Mommy won’t let anything bad happen to you.
” Slowly, I stood and turned to face my brother.
He shook his head. His hand was already reaching for the gun I presumed was in the back of his waistband. “You shouldn’t make promises you can’t keep, little sister.” His voice was a little uncertain, but when he levelled the gun at me, his hand was perfectly steady.
“She might not be able to keep them,” a voice boomed out, but not from the direction of the front door. It came from the back.
Gio had been so busy concentrating on the front of the house that he hadn’t thought to check the back.
There was a squeak of hinges as the door was pushed open, and a little broken glass fell from the already shattered window.
Gio hissed in shock as Matteo stepped through, crunching glass under his feet.

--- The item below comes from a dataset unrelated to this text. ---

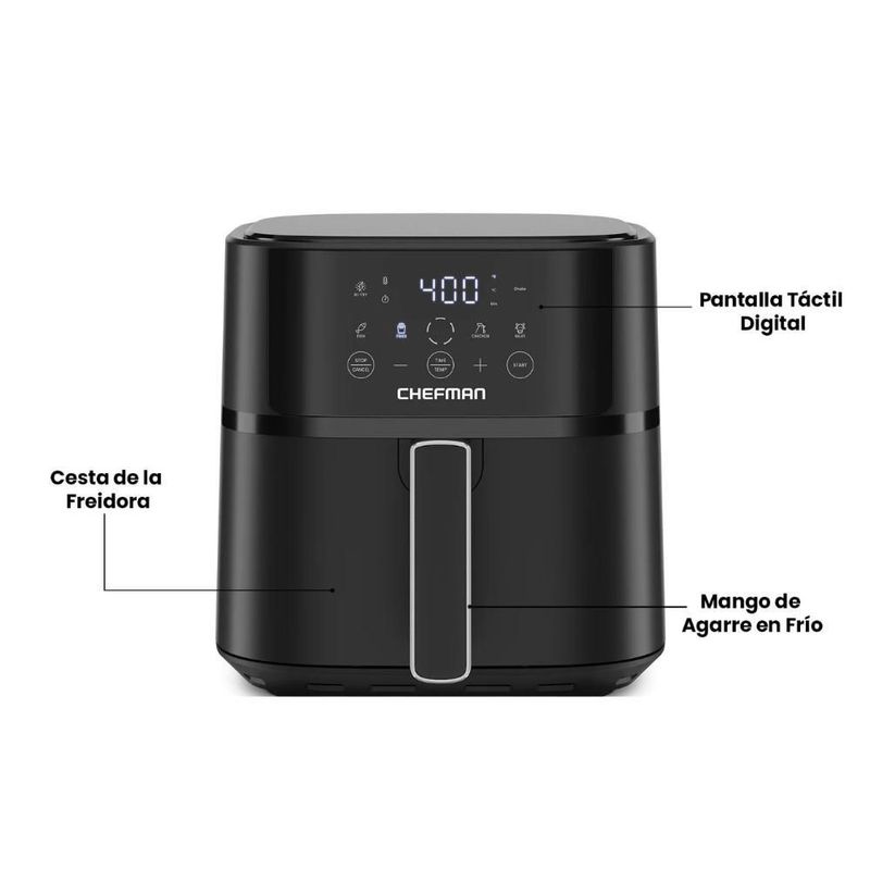 Línea blancaElectrodomésticosFreidoras de AireFreidora de Aire Digital Chefman 5.7L Negra
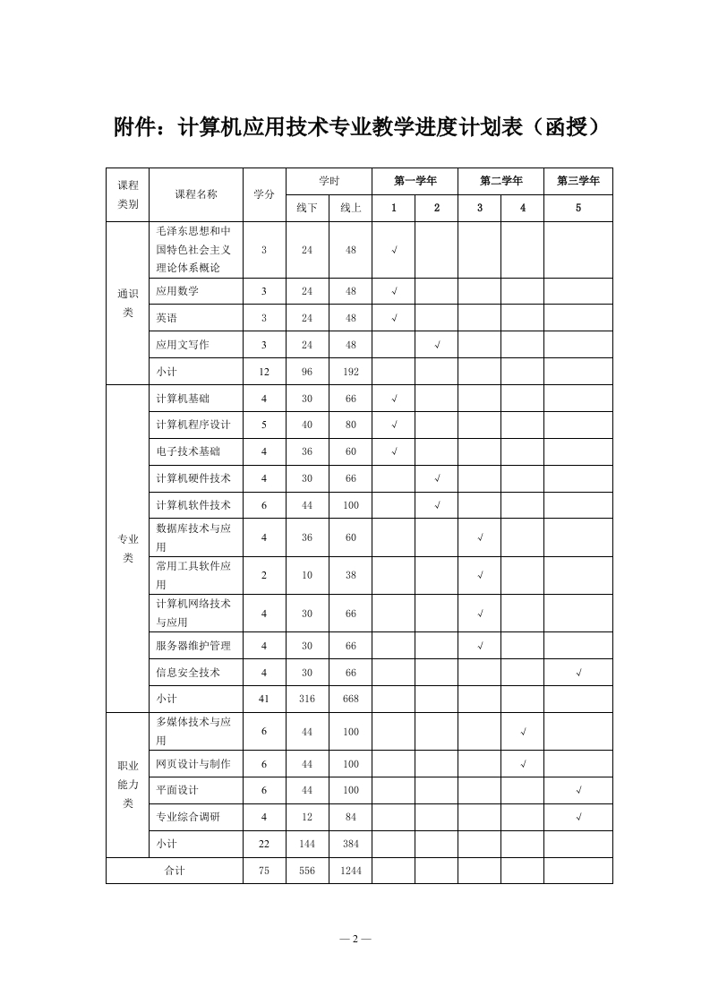 宁波职业技术学院成人高等教育2021级计算机应用技术专业人才培养方案(函授,专科)一、培养目标本专业培养适应社会主义市场经济和社会发展需要,德智体美劳全面发展,具有良好的职业素质和文化修养,在T领域从事计算机专业技术工作的高等技术应用性人才。要求学生通过三年函授学习,较系统地掌握本专业的基础理论、基本知识和技能,具有从事本专业和相邻专业实际工作和研究工作的能力及素质。二、培养要求掌握操作系统Windows的使用,理解计算机系统组成,理解数据库技术及数据库应用开发的一般步骤,掌握设计软件的使用,理解计算机网络基本原理及交换机,能够识别计算机配件,并组装和维护计算机硬件系统,能够安装使用Windows系列等操作系统,能够组建中小企业网络,并对网络进行日常管理和维护,能够安装和使用常用工具软件,进行基本的平面设计,会软件升级,完成日常工作,能够运用数据库技术管理办公数据,掌握信息安全技术、病毒防范。三、修业年限修业年限2.5年。四、毕业要求学生须修完本方案规定的75学分,总学时数1800学时。五、课程设置本专业设置的课程有:毛泽东思想和中国特色社会主义理论体系概论、应用数学、英语、应用文写作、计算机基础、计算机程序设计、电子技术基础、计算机硬件技术、计算机软件技术、数据库技术与应用、常用工具软件应用、计算机网络技术与应用、服务器维护管理、信息安全技术、多媒体技术与应用、网页设计与制作、平面设计等17门课程以及专业综合调研。

The gun swung away from me to aim shakily at him.
“How did?”
“How did I find you so quickly?” Matteo asked. His lips thinned, and I could tell by the way he held himself that he wanted to look at me, but he didn’t move his eyes away from Gio.
Best friend
Brother
Traitor.
“You were never very good at planning, Gio. I searched for records of property your family owned, and this is the only address. You wouldn’t have the guts to take them anywhere else.” Gio shook his head. “Let them go.”
“No.”
“Let them go. You have me here now. You don’t need them. Let Sophia and Lily leave. You never have to see them again. I never have to see them again. You win without any blood being spilled.”
“It’s too late for that.” My brother’s voice cracked, but the gun didn’t waiver.
“I guess it is, and I’m sorry about that.”
Gio’s eyes widened. “What do you mean by that?”
“Sophia might not be able to keep her promise to Lily, but I can.”
Finally, his eyes darted to me. A look passed between us that I didn’t really understand, but I think it meant he loved me.
There seemed to be a sorry in there somewhere as well.
“Be brave, Lily. Daddy isn’t going to let anything happen to you. He’s not going to let the bad man hurt you or your mommy. I promise.”